Here's what I can see about their infrastructure from the outside:

  • They have external web servers which put you in a holding pattern, and try and get through to the inner sanctum of web servers once a minute.
  • If you get in to the inner web servers, you can then order tickets, presumably without a heavy overload, since the inner infrastructure limits the number of simultaneous users.

However, there is an Achilles' heel here - which both the loyal and the fickle Rockies' fans ran immediately into.  You have to have enough network bandwidth to allow people access to the outer infrastructure.  If you don't, various bad things can happen - your load balancers can crash, your routers can crash.  I'm not a networking expert, but if the offered load is an order of magnitude or two higher than the incoming infrastructure can support, most packets won't get through.  If most don't get through, then it doesn't matter how good the load shedding methods are, or how robust your servers are.  Customers can't buy your product.  OOPS!
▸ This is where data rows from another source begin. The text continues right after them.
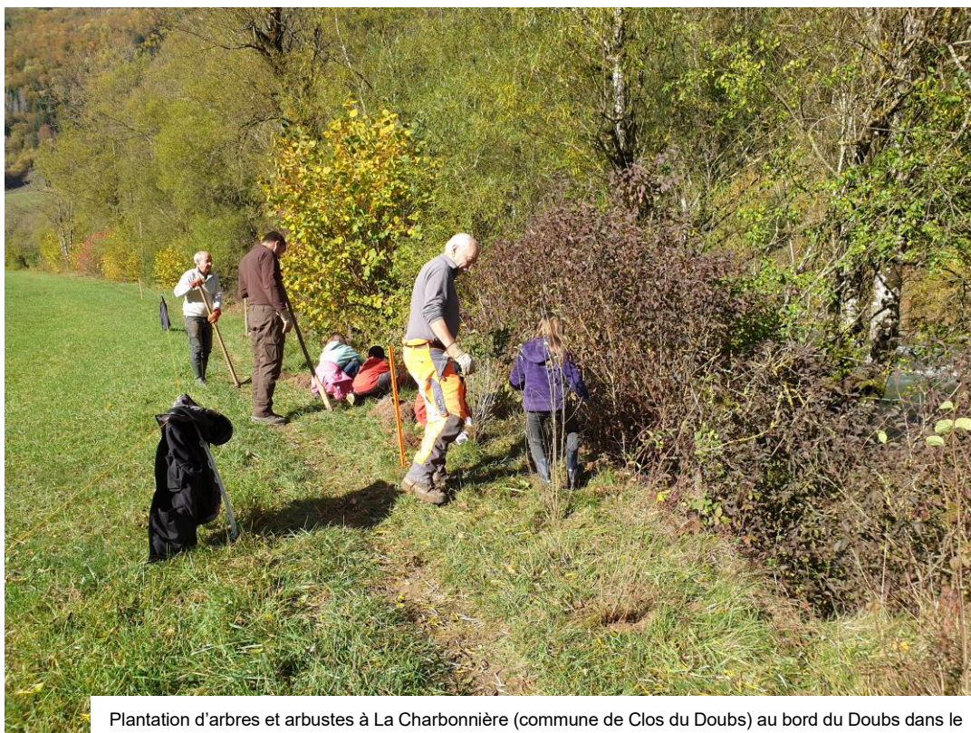
Plantation d'arbres et arbustes à La Charbonnière (commune de Clos du Doubs) au bord du Doubs dans le cadre de la mise en œuvre du Périmètre Réserve aux Eaux.
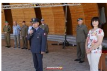
2017-05-28-II Mundurowy Dzień Dziecka
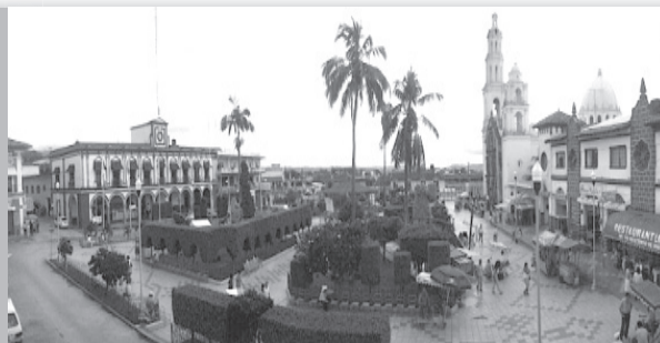
Gráfico DE MARTÍNEZ DE LA TORRE CRÓNICAS de Tlapacoyan
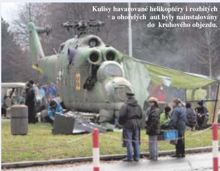
Kulisy havarované helikoptéry i rozbitých a ohořelých aut byly nainstalovány do kruhového objezdu.
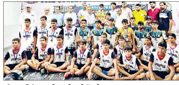
महेन्द्रगढ़। विजेता आरपीएस की वालीबॉल टीम।

आरपीएस विद्यालय ने एकबार फिर अपनी खेल प्रतिभा से जिले का मान बढ़ाया है। हाल ही में आयोजित सीबीएसई क्लस्टर वालीबॉल प्रतियोगिता में विद्यालय की अंडर-14 और अंडर-19 (आयु वर्ग) की टीमों ने सोनीपत में शानदार प्रदर्शन करते हुए सिल्वर मेडल प्राप्त किया। दोनों ही वर्गों की टीमों ने प्रतियोगिता के दौरान उत्कृष्ट तालमेल, संघर्षशीलता और खेल भावना का परिचय दिया। इस उपलब्धि पर
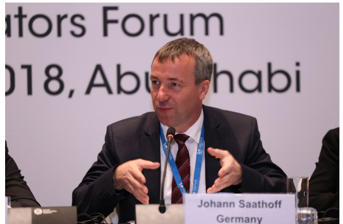
Johann Saathoff, député, Allemagne

La question des bioénergies a aussi été largement abordée, et il a été expliqué que l'alimentation d'un système énergétique sobre en carbone uniquement par l'électricité était improbable d'ici à 2050. Certains parlementaires ont fait observer qu'il faudrait de toute façon utiliser dans une certaine mesure du carbone, mais que la forme la plus propre et la plus durable de carbone était probablement celle qui résidait dans les bioénergies. Cependant, la durabilité d'une telle solution inquiétait certains participants. Une autre solution serait d'utiliser un carburant synthétique, mais son efficacité a été mise en doute ; l'hydrogène pourrait également être une option, mais il semblerait que cette technologie soit fortement consommatrice en eau. Certains parlementaires ont exhorté leurs homologues à bien réfléchir aux contreparties de technologies, jugées par certains comme n'étant pas encore tout à fait matures.
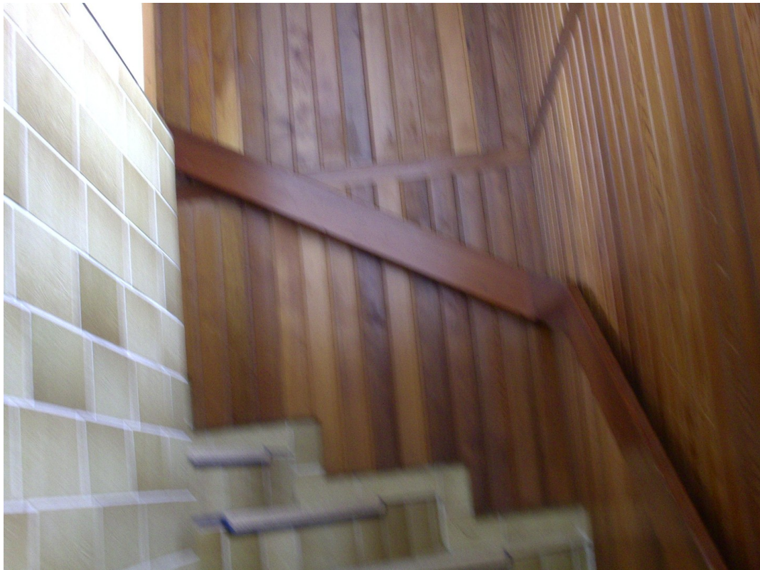
Niedervellmarsche Str. 19a
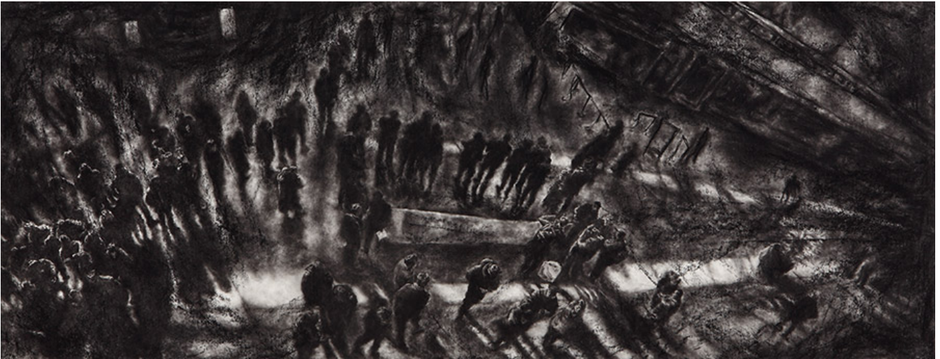
000(00), Drawing(stroller), 40×103cm, conte on paper, 2016

0000 0000 000 00000 0000 000 000 00 000 00 000000 00000 0000 0000000 0000 00. 00 000000 00000 00 00 000 0000 0000 00000 0000 00000 0 <000>, SNS000 0000 00 0000 00000 00000 00 0000 00000000 0000 <0000: 0000>, 0000 00 0000 00000000 0000 00 0000 0000000 00000 <0000 00000>, 0000000 0000 000000 00000 00000 <000> 00 00.
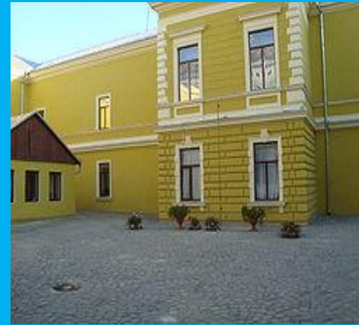
Clădirea Ober-Gymnasium din Cernăuți, unde poetul și-a făcut studiile în perioada 1860-1863. Tot aici a predat Aron Pumnul. În prezent, Școala generală nr. 1. Se găsește pe str. M. Eminescu, colț cu str. I. Franko.

că îi lipseau atestatele gimnaziale. Între 1869-1872 audiază cursuri de filozofie, drept, economie politică, limbi romanice, medicină; citește enorm, mai ales filozofie și științe. Deși își consacră cea mai mare parte lecturilor și creației poetice, participă entuziast la viața studențimii române grupată în societatea „România Jună”, leagă prietenii, publică articole în „Albina” și „Federațiunea” din „Pesta” ori în „Familia”.

Pacolian claimed that they were the victims of a real DDOS attack, and that they measured 8.5 million hits in an hour.  Quite honestly, that doesn't sound that high to me.  Personally, I had 4 browsers going at once.  8.5 million hits and hour is only 2361 hits/second, which is less than 142K hits/minute.  In my judgment, between people like me, school kids, scalpers, etc. 142K people isn't very many.  If they were all running 3 or 4 browsers, it would only take about 35K people - which is basically nothing.  Also, when you look at network bandwidth, ethernet links, no matter how fast they are, can only support a relatively small number of packets/second maximum because of minimum times required between packets.  IIRC, that number is something like 1000 packets/sec.    If they only had a single gigabit link to their infrastrucure, 142K people would be 2 orders of magnitude larger than that - which would put us in the right ball park (pun intended) for the behavior that was observed.

One can look at the fact that they almost certainly had only a single site to take this load as a single point of failure.  The networking infrastructure to that site failed.  Exactly how it failed, I can't say.  The fact that it failed is indisputable.

The good news for the Rockies is that because it's the World Series - eventually, somehow those tickets will get sold. But, in the mean time, they appear to have dumped Paciolan for this event[4].  This is unfortunate from my perspective, since I'm in the UK at the moment, and can't exactly run down to Coors Field to wait in line to buy tickets.  Oh well.  I guess it's not really all about me, eh?  :-D

But, this will take longer, and has already aggravated customers a great deal.  The Rockies will probably survive this error - after all that's not their specialty - they're baseball players.  But, it will take Paciolan a while to live this down.  They underestimated the load, maybe they bid too low for selling the tickets, maybe it was done with too little lead time, whatever.  In the end, this is their failure.  This will have cost them a good bit of reputation.  If they had succeeded, they would probably have the World Series business and maybe other sports for several years to come.  Under the circumstances, this will no doubt be a tremendous opportunity cost  - the cost of lost opportunities.

Although I can't quantify the size of their opportunity loss, it is a clear illustration of how it is that lack of availability translates directly into the bottom line of companies - even if it's future revenues.  To be fair to Paciolan,I believe that this is the first time anyone has attempted to sell  World Series tickets only by the web.  Hopefully, it won't be the last.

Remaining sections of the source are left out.